### Exercise objective
Wherever pictures appear in the listing below, leave them out, and copy exactly, and only, everything from the line with "1= .47CT ROUND GREEN TOURMALINE, BEZEL SET" down to the line with "Buenos Aires: Costa".

### The data
*** Block opens ***

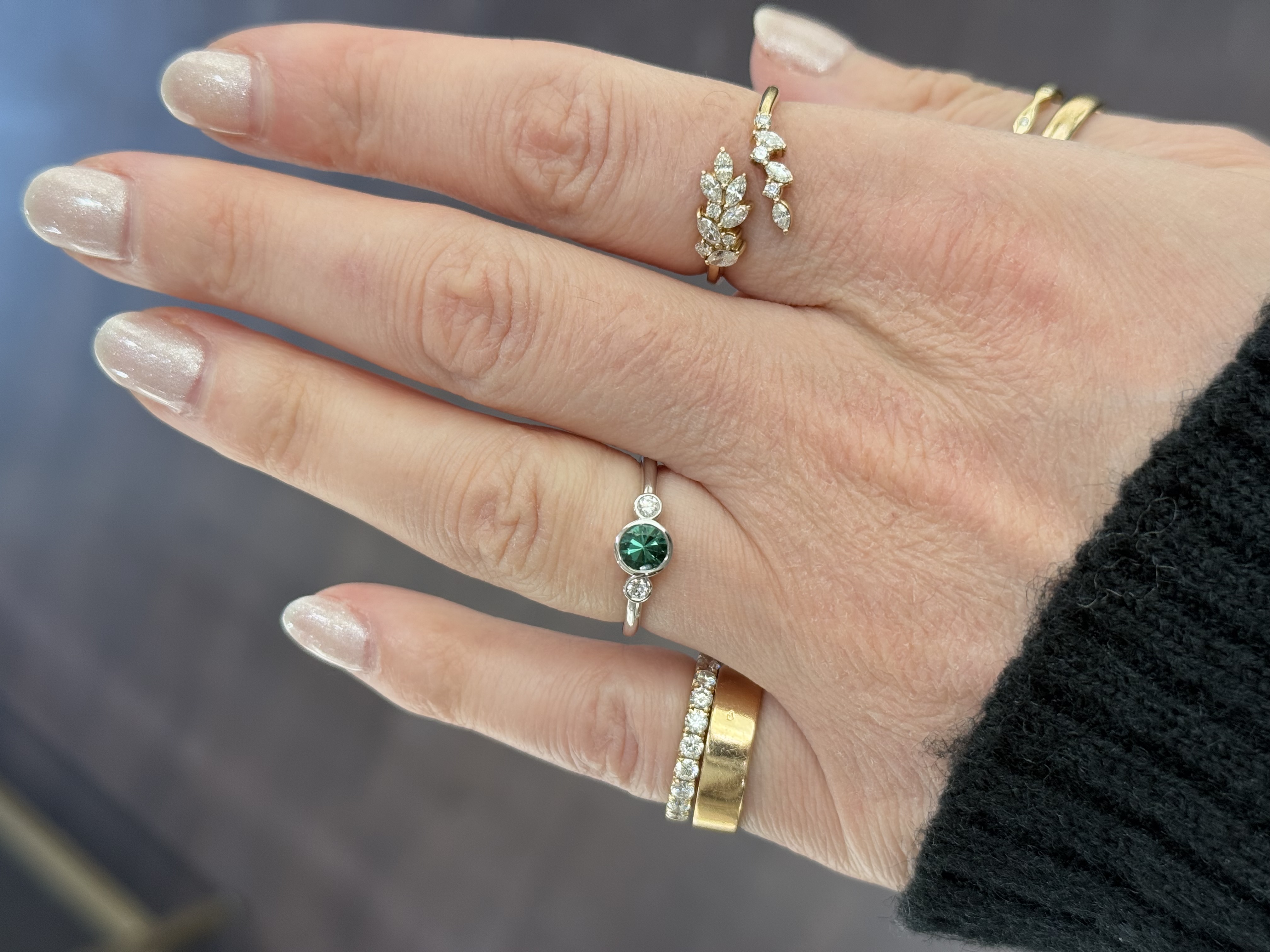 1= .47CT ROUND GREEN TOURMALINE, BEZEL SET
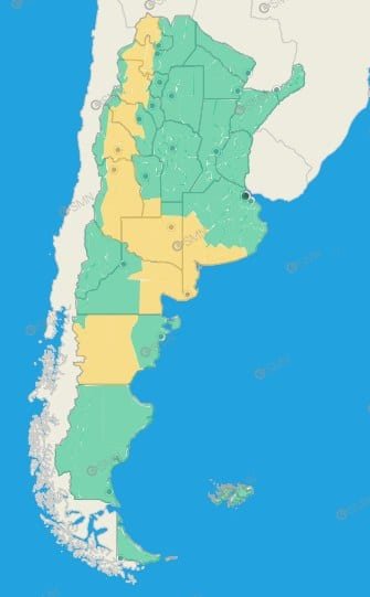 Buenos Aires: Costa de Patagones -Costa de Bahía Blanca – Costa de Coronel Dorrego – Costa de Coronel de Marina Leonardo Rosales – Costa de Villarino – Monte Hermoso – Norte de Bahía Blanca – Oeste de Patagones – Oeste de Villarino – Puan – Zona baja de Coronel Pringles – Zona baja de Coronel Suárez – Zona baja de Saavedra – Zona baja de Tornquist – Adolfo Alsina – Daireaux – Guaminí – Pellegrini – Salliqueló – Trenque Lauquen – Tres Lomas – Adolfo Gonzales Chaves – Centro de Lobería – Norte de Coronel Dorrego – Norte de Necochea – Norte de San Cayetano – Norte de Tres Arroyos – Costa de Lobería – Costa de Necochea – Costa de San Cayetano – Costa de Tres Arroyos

*** Block closes ***
*** Block opens ***

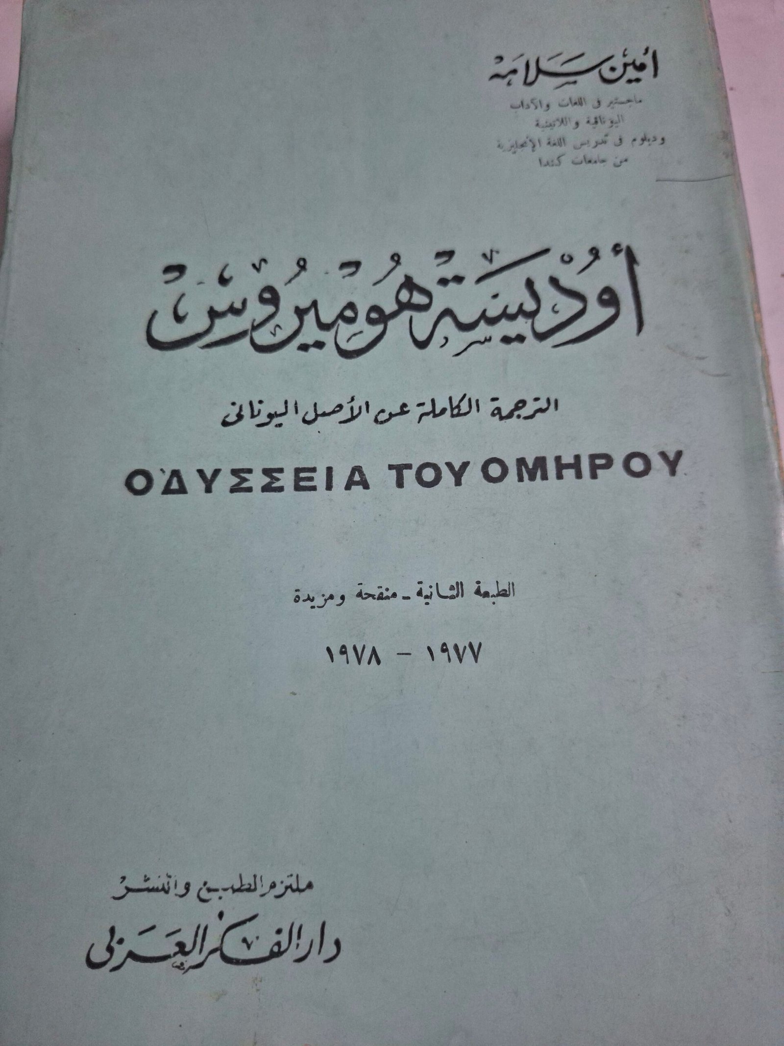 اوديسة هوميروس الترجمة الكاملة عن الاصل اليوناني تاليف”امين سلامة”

*** Block closes ***

### Exercise response
 1= .47CT ROUND GREEN TOURMALINE, BEZEL SET
 Buenos Aires: Costa de Patagones -Costa de Bahía Blanca – Costa de Coronel Dorrego – Costa de Coronel de Marina Leonardo Rosales – Costa de Villarino – Monte Hermoso – Norte de Bahía Blanca – Oeste de Patagones – Oeste de Villarino – Puan – Zona baja de Coronel Pringles – Zona baja de Coronel Suárez – Zona baja de Saavedra – Zona baja de Tornquist – Adolfo Alsina – Daireaux – Guaminí – Pellegrini – Salliqueló – Trenque Lauquen – Tres Lomas – Adolfo Gonzales Chaves – Centro de Lobería – Norte de Coronel Dorrego – Norte de Necochea – Norte de San Cayetano – Norte de Tres Arroyos – Costa de Lobería – Costa de Necochea – Costa de San Cayetano – Costa de Tres Arroyos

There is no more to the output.